Panatta tra analisi e aneddoti: il Roland Garros, Musetti, Sinner e l’amicizia eterna con Bertolucci

Adriano Panatta analizza il Roland Garros tra pronostici per Paolini, Sinner e Musetti e irresistibili aneddoti con Paolo Bertolucci. Un viaggio tra tennis e amicizia.
Panatta[1]

Il Roland Garros secondo Panatta: promesse e ostacoli per gli italiani

Adriano Panatta, icona indiscussa del tennis italiano, ha commentato con la sua solita lucidità e ironia l’attuale edizione del Roland Garros, puntando l’attenzione su tre protagonisti azzurri: Jasmine Paolini, Jannik Sinner e Lorenzo Musetti.

“Paolini ha sofferto, ha vinto in tre set con una giocatrice cinese, però può capitare”, ha detto Panatta con il suo tono disincantato. La tennista toscana, seppur sulla buona strada, si trova in un tabellone tutt’altro che semplice: sulla sua rotta si staglia Aryna Sabalenka, ma il vero ostacolo, secondo Panatta, è “ai quarti di finale, con Iga Swiatek, che ricordiamolo, ha vinto due volte Parigi. È una giocatrice che quando è in forma è difficile battere”. Nonostante la difficoltà del percorso, l’ex campione azzurro le ha rivolto un sentito in bocca al lupo.

Per Jannik Sinner, fresco vincitore del suo centesimo torneo a Ginevra, Panatta vede un cammino più agevole fino ai quarti. “Potrebbe avere Draper, e in semifinale potrebbe incontrare Djokovic”, afferma con fiducia, facendo trasparire ottimismo per la possibilità di un confronto stellare con Novak, il campione serbo.

Lorenzo Musetti è forse la vera scommessa del Roland Garros secondo Panatta. “Musetti potrebbe essere l’unico a impensierire Sinner e Alcaraz”, dice con entusiasmo, ipotizzando un possibile incrocio ai quarti con Holger Rune, che secondo lui “non sta brillando”. L’obiettivo?
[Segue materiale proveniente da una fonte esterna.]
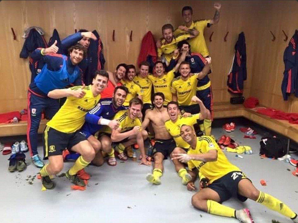 A fost sarbatoare dupa meci in vestiarul lui Middlesbrough. Jucatorii au oferit imaginea zilei in Anglia.
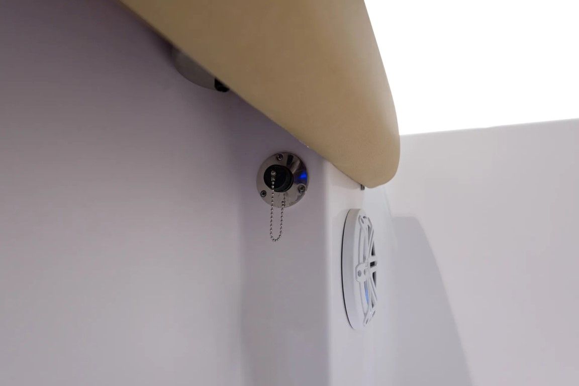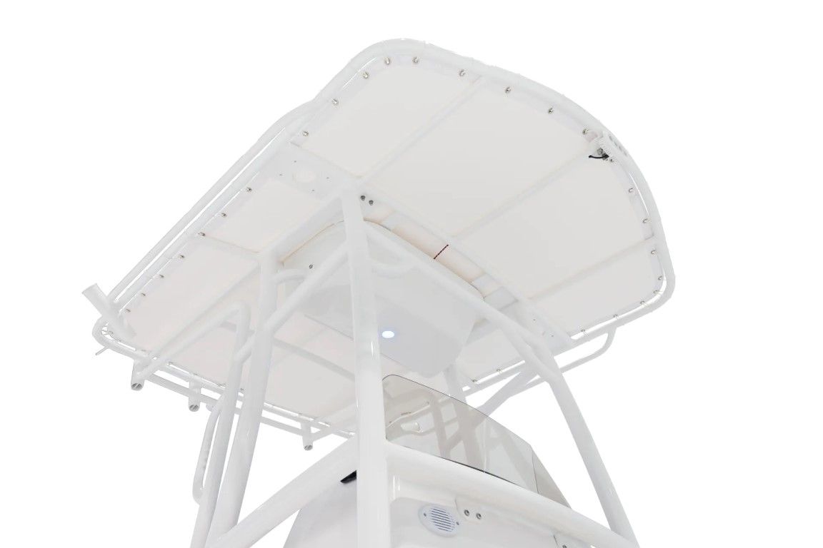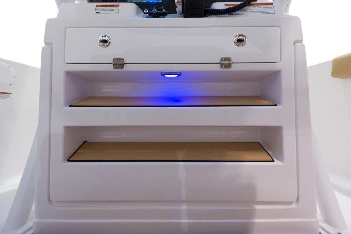 The Sportsman Open 232 is loaded with premium features that enhance both functionality and comfort. The hull and bottom are finished in the striking Explorer Blue, creating a bold and stylish presence on the water. The fiberglass console is thoughtfully designed with a footrest and storage, offering both convenience and ergonomic support during long days at sea. The fiberglass hard top, complete with LED lighting, provides shade and illumination, while the hardtop underside in Explorer Blue adds a custom touch that ties the entire design together.White powder coating adds a clean, modern look to the boat’s framework, complementing the Serenity Sileather Icecap White upholstery. This premium seating material is both durable and comfortable, ensuring that every passenger enjoys a relaxing ride. The dual chair leaning post with flip-up bolsters offers versatile seating options, whether you prefer to sit back or stand while navigating. The Garmin 12" GPS screen with built-in Wi-Fi keeps you connected and informed, making navigation and trip planning effortless.For those who love to relax at the bow, the removable sundeck/table with cushion transforms the front of the boat into a social hub or sunbathing area. This flexible space is perfect for entertaining guests, enjoying a meal, or simply soaking up the sun.

Una semifinale da sogno contro Carlos Alcaraz. Ma Panatta non dimentica le insidie del torneo: “Il Roland Garros è lungo, faticoso, duro. A Parigi cambia clima ogni giorno, passa da 12 a 29 gradi”.

Un’amicizia lunga una vita: Panatta e Bertolucci, eroi dentro e fuori dal campo

Oltre al tennis giocato, Panatta oggi è protagonista di “Tennis Heroes”, un programma di Sky che lo vede tornare in coppia con Paolo Bertolucci, con cui condivise la storica vittoria in Coppa Davis nel 1976. Insieme, accompagnati da Stefano Meloccaro, raccontano con ironia e affetto i più grandi campioni di sempre, da Björn Borg fino ai fuoriclasse contemporanei.

Il racconto del loro primo incontro è già uno spettacolo. Bertolucci ricorda di averlo conosciuto a Cesenatico nel 1962, ma Panatta lo incalza: “Hai perso con me in finale! Tu con me hai perso altre mille volte”. Una sintonia fatta di battute, sfottò e aneddoti, come quando raccontano la loro convivenza forzata al Centro federale di Formia: “Il tecnico federale Belardinelli ci mise in camera insieme. Volente o nolente, ho dovuto accettarlo”, dice Bertolucci, mentre Panatta scherza sul fatto che “lui scappava da scuola per andare al mare”.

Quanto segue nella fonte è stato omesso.